Attendu en conséquence, que le fait de sonner creux ne saurait rendre des carrelages situés autour d'une piscine impropres à leur destination ; qu'en effet sonner creux pour un dallage n'empêche ni d'évoluer confortablement et en sécurité autour de la piscine sur un support agréable et pas trop inesthétique, ni que les pieds des baigneurs ne viennent polluer l'eau de baignade en transportant des déchets végétaux ou de la terre, ni de pouvoir s'y étendre habillé ou dévêtu ou vêtu d'un simple maillot de bain afin de profiter du soleil, des clapotis des flots ou de la fraîcheur induite par la proximité de l'eau, ni d'y faire sécher son corps mouillé par la baignade, ni d'y installer un mobilier spécifique destiné à la détente comme des chaises longues ou des tables basses ; qu'aucun désordre d'aucune nature que ce soit n'affecte donc l'ouvrage querellé qui est non seulement parfaitement conforme à sa destination ainsi qu'il résulte des motifs qui précèdent et que l'estime à bon droit la société défenderesse, mais encore ne souffre, comme l'estime l'expert, d'aucun défaut de nature à compromettre sa solidité.

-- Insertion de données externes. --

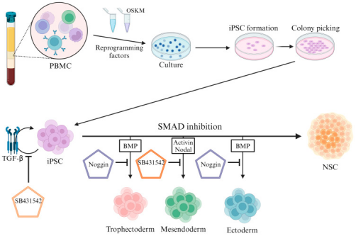 SB-431542:TGF-β/Activin A抑制剂,进一步消除非神经分化的干扰,与Noggin协同,高效地将细胞命运推向神经轨道。

Attendu que la succombance de la demanderesse et l'équité commandent qu'elle soit condamnée à payer au seul défendeur la somme de 1000 € au tire des frais irrépétibles ; qu'elle sera en outre tenue aux entiers dépens en ce compris les frais de l'expertise.
PAR CES MOTIFS,
Le tribunal statuant par jugement contradictoire rendu en premier ressort et mis à disposition au greffe,
Dit Madame X recevable en son action ;
Déboute Madame X de l'intégralité de ses prétentions,
Condamne Madame X à payer à Monsieur Y la somme de 1000 € au titre des frais irrépétibles,
Déboute toutes les parties du surplus de leurs prétentions,
Met les dépens en compris les frais de l'expertise ordonnée le 12 mai 2008 par le Président du Tribunal de Grande Instance à la charge de Madame X et au besoin l'y condamne.